Why Straight Lines (Probably) Mean AWS Waste

In most cases, healthy AWS workloads have a tell: they’re noisy. Jittery, even. An internal tool sees usage spike during work hours. A retail site costs more in December. A food delivery app has barely any users at 3am.

The key trait is variability. Real usage is uneven because real demand is uneven.

The inverse is also true. When you see a cost line that’s too smooth, steady, and predictable, something is probably wrong. That single observation led me to catch more waste than AWS Trusted Advisor could ever flag.

Pattern 1: Cost Plateaus

A cost line that holds flat, or drifts only when someone manually intervenes, is worth investigating.

Consider why costs would be flat. Regular canary traffic is the only traffic to the service. An ETL job loads the exact same amount of data. S3 is storing objects that aren’t used.

Now, the obvious objection: if you’re running EC2 instances and RDS databases, your costs should be roughly constant. You’re renting virtual servers.

That’s why, in these cases, the cost line alone isn’t enough. Flat costs on a server that you’re actively using look identical to flat costs on a server nobody has touched in a year. You need utilization metrics alongside cost data. An EC2 instance running at 2% CPU for twelve months tells a very different story than one running between 20-60% within a day. Both cost the same.

The $15,000/mo Plateau

I was reviewing cost data across my organization’s AWS accounts. One account stood out: expensive, but stable. Its monthly cost had barely moved in twelve months.

The account turned out to be a shared sandbox. Before our org had personal developer accounts, all consultants shared a single AWS account to test solutions they were working on for clients. Eventually the org launched personal accounts, and everyone migrated. The shared account stayed running.

The costs weren’t perfectly flat, though. Some months, the total dropped to a new, slightly lower plateau, then held there. I dug into it. The org’s security lead had been asked by the director to deprecate the account. She made progress, deleting some resources where she could. But she wasn’t deeply familiar with the technical side of AWS, and she was cautious. She didn’t want to break a live workload if one existed. So she deleted what felt safe and stopped.

This happens too often. Someone identifies potential waste, but they don’t have the technical context to confirm it’s safe to remove. So it stays. The organization knows it might be a problem, but knowing and resolving are two different things. You need someone to trace the dependencies, confirm nothing is live, and actually pull the trigger.

I followed up with everyone who had access to the account. Nobody was running anything on it; they had all migrated out two years before.

The org spent $360,000 on an account that no one was using.

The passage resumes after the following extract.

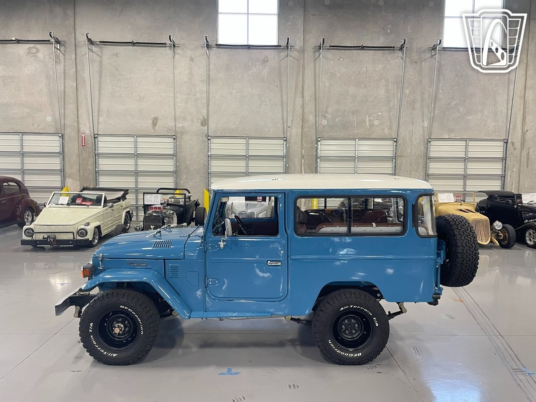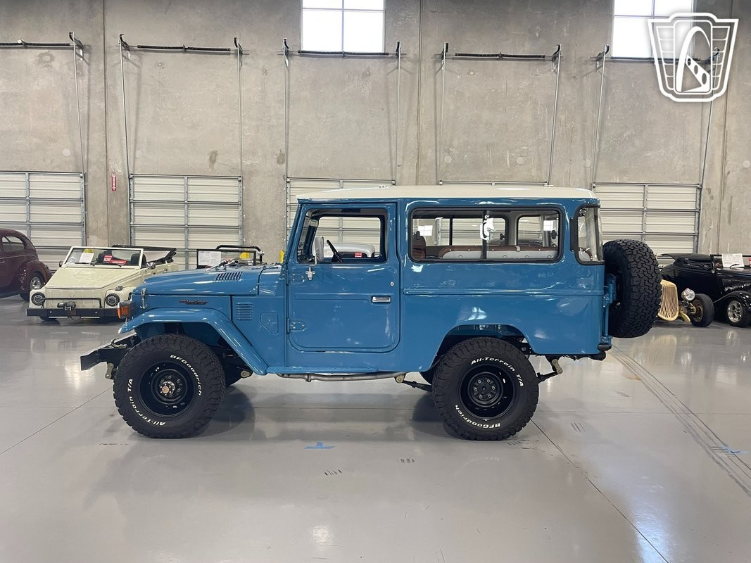 Gateway Classic Cars of San Antonio/Austin is proud to present this beautiful 1978 Second Series FJ43 finished in Cadet Blue. Second Series means the fuel tank is under the body and not under the seat. This iconic vehicle is powered by a rebuilt 2F I6 engine, paired seamlessly with a 4-speed manual transmission, delivering a driving experience that is both robust and engaging. The FJ43 is a testament to Toyota's engineering prowess, offering both durability and performance that enthusiasts have cherished for decades. Step inside to find a well-appointed interior featuring new, comfortable brown vinyl seats that complement the vehicle's vintage aesthetic. Modern conveniences are not overlooked on this classic ride. Enjoy the comfort of cold blowing air conditioning, ensuring that every journey is pleasant regardless of the weather. For your listening pleasure, this FJ43 is equipped with an AM/FM radio and a CD player with 6 speakers throughout, allowing you to enjoy your favorite tunes as you traverse both urban landscapes and rugged terrains. Fitted with new power front disc brakes ensure you have the stopping power needed for any adventure. Whether you're a collector, an off-road enthusiast, or someone looking for a unique and capable vehicle, this 1978 Toyota FJ43 offers a blend of classic style, modern features, and the legendary reliability that Toyota is known for.

What was left: 30 unused RDS instances, a dozen EC2 instances running, snapshots eating away at dollars, and DynamoDB tables with provisioned capacity that no one was querying. I deleted the remaining resources and the account’s cost dropped to zero.

Pattern 2: Cost Slopes

The flat-line pattern is the easy one. The harder case is a cost line that’s growing, which makes it look alive, like a healthy system under increasing load.

But mind the shape. If the slope is too consistent, you might be looking at a wasteful system.

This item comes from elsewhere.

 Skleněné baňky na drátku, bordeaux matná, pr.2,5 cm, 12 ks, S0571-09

Some examples I’ve seen: regular canaries creating a mountain of objects in S3, and a Lambda whose cost rises linearly as its underlying database grows.

A common thread between the cost plateau and the cost slope: there should almost always be a fall. A dip in daily cost, in hourly utilization, in the number of new items in the database. If you don’t see a fall, even a momentary one, you’re looking at a red flag.

When the Audit Logs Cost More Than the ETL Job

We had a weekly ETL job that loaded data from S3 into Redshift. The job ran fine. Redshift looked healthy. The QuickSight dashboard it fed into looked perfect. No one had any complaints.

But I noticed that on Sundays, when the Glue ETL job would happen, its cost spiked - as did CloudTrail’s. Those costs kept climbing on a suspiciously consistent trajectory, reaching new heights, at roughly the same delta, week after week. Eventually, CloudTrail costs per week even outpaced Glue’s costs.

The issue was in how the ETL job worked. It wasn’t loading just the last week of new data. Every week, it scanned the entire S3 bucket: all historical data plus whatever had landed in the last week. The bucket grew as new data arrived. So each run touched more objects than the run before: more ListObjects calls, more GetObject calls. Every one of those API calls got logged by CloudTrail. More objects per run meant more CloudTrail events per day, which meant CloudTrail costs rose in lockstep with the bucket’s growth.

The primary services (S3 and Redshift) looked fine. The job completed, the data loaded, nobody noticed anything wrong on QuickSight. The cost signal showing the problem was in a completely different service that nobody was monitoring for that purpose. That’s what makes this pattern dangerous: look for lines, but they might not be where you expect.

The Takeaway

Straight lines should ring alarm bells.

Real workloads are noisy. If yours isn’t, find out why.